* [Exercise description]:
The entries below contain pictures. Write out only the lines from the line with "青海發(fā)現(xiàn)" up to and including the line with "近日,由中国英汉语比较研究会", exactly, without them.

(Dataset excerpts)
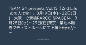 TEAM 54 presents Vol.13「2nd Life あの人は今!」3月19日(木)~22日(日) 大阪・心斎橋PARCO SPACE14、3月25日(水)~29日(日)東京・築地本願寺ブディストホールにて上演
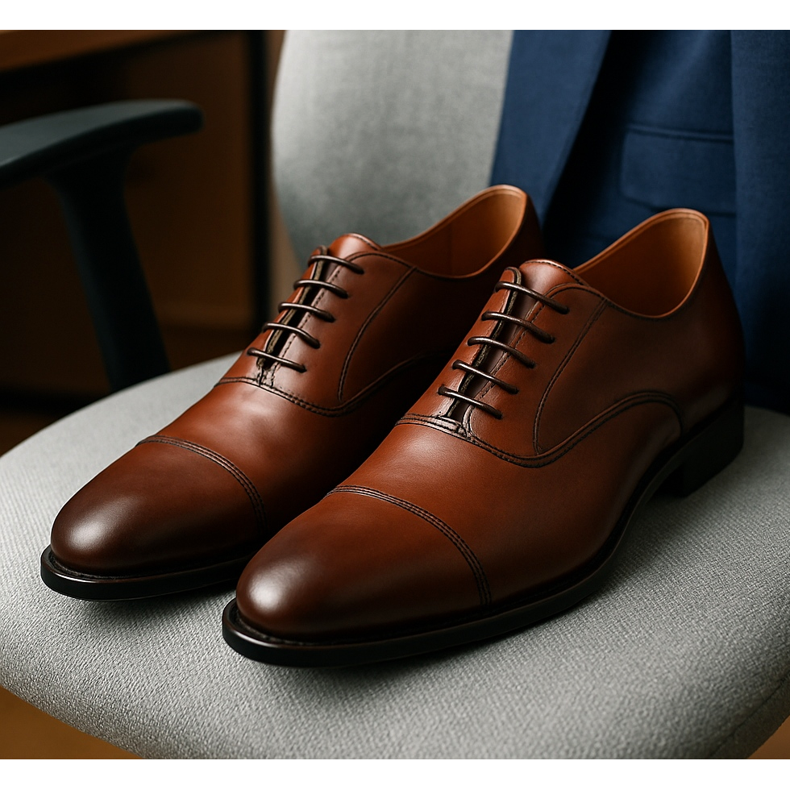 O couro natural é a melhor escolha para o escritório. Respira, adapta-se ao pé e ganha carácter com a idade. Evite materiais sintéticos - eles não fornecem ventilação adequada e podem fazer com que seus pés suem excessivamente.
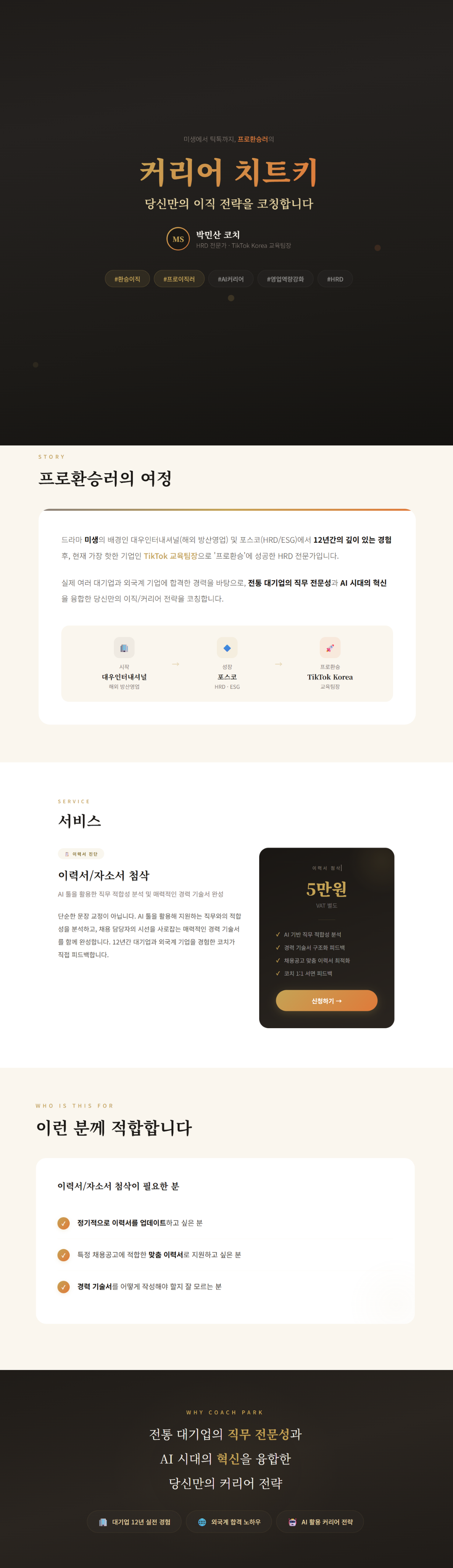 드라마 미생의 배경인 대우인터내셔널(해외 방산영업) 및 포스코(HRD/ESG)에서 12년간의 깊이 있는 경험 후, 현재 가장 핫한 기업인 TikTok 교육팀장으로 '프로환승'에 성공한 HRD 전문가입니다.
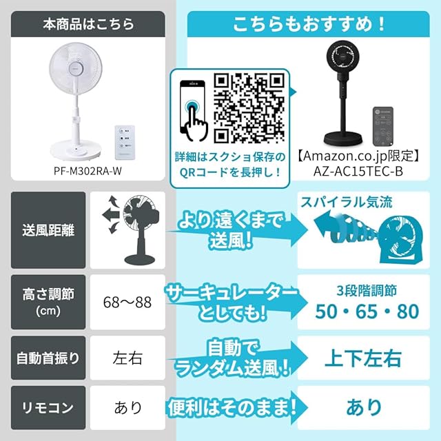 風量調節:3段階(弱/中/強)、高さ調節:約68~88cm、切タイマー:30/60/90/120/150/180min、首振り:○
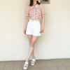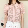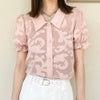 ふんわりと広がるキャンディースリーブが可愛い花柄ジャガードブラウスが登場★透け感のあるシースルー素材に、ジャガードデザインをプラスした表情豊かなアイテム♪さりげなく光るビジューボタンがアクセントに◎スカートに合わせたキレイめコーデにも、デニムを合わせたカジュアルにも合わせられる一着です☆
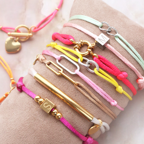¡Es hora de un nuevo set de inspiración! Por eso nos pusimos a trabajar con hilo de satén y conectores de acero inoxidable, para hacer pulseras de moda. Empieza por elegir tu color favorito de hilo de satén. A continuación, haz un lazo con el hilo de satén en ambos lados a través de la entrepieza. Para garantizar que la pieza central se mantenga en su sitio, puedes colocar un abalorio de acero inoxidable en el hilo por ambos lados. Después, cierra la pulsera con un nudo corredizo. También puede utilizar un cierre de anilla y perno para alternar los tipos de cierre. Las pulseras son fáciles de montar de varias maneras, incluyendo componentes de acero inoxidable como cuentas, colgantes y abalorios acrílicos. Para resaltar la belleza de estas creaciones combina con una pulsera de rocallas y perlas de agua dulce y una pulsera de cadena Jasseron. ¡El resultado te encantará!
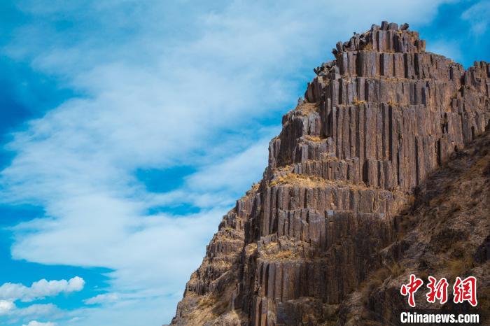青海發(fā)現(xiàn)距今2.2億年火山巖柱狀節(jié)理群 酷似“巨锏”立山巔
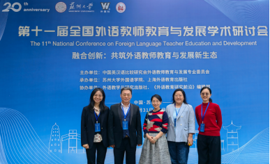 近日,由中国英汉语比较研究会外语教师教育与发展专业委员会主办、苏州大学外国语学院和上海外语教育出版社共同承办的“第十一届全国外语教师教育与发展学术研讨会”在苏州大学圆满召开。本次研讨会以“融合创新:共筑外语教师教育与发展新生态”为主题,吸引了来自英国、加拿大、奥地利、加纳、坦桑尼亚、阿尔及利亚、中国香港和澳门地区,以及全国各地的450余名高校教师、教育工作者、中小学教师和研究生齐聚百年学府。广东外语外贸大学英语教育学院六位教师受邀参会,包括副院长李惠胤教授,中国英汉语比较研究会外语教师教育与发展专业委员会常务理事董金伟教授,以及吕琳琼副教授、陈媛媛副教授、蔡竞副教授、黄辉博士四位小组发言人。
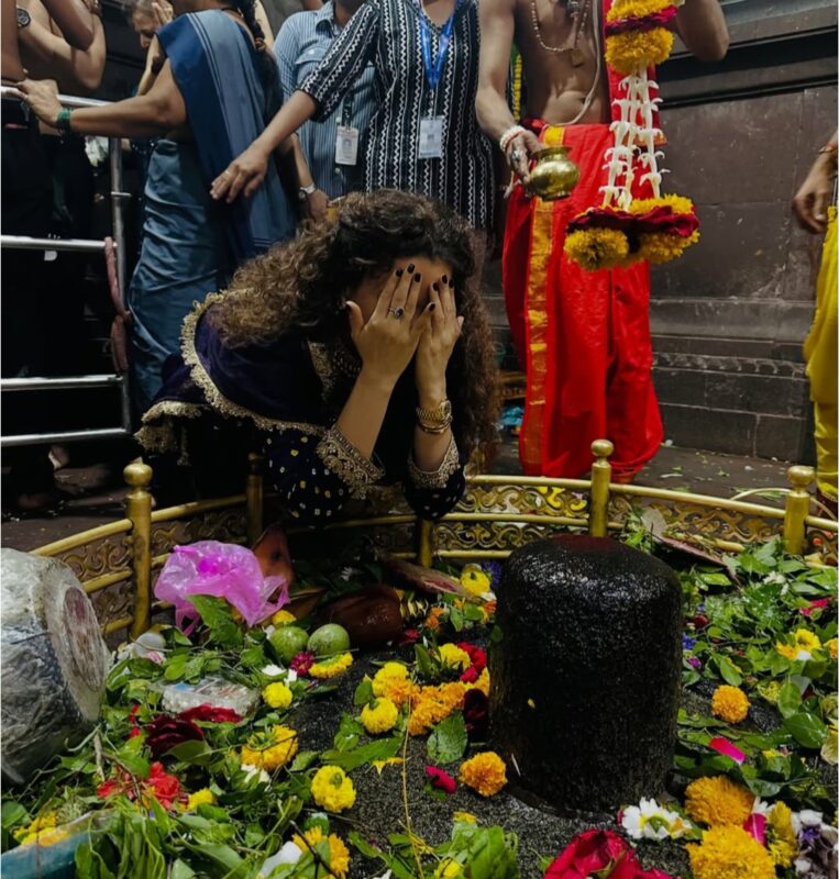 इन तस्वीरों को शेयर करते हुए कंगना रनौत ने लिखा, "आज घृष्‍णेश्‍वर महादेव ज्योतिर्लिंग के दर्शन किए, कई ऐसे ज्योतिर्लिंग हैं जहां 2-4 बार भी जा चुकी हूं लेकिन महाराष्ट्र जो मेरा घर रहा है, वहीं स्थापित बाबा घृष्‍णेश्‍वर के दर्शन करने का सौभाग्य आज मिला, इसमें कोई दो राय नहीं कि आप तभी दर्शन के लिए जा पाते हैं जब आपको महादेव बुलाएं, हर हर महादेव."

* [Result of this task]:
青海發(fā)現(xiàn)距今2.2億年火山巖柱狀節(jié)理群 酷似“巨锏”立山巔
 近日,由中国英汉语比较研究会外语教师教育与发展专业委员会主办、苏州大学外国语学院和上海外语教育出版社共同承办的“第十一届全国外语教师教育与发展学术研讨会”在苏州大学圆满召开。本次研讨会以“融合创新:共筑外语教师教育与发展新生态”为主题,吸引了来自英国、加拿大、奥地利、加纳、坦桑尼亚、阿尔及利亚、中国香港和澳门地区,以及全国各地的450余名高校教师、教育工作者、中小学教师和研究生齐聚百年学府。广东外语外贸大学英语教育学院六位教师受邀参会,包括副院长李惠胤教授,中国英汉语比较研究会外语教师教育与发展专业委员会常务理事董金伟教授,以及吕琳琼副教授、陈媛媛副教授、蔡竞副教授、黄辉博士四位小组发言人。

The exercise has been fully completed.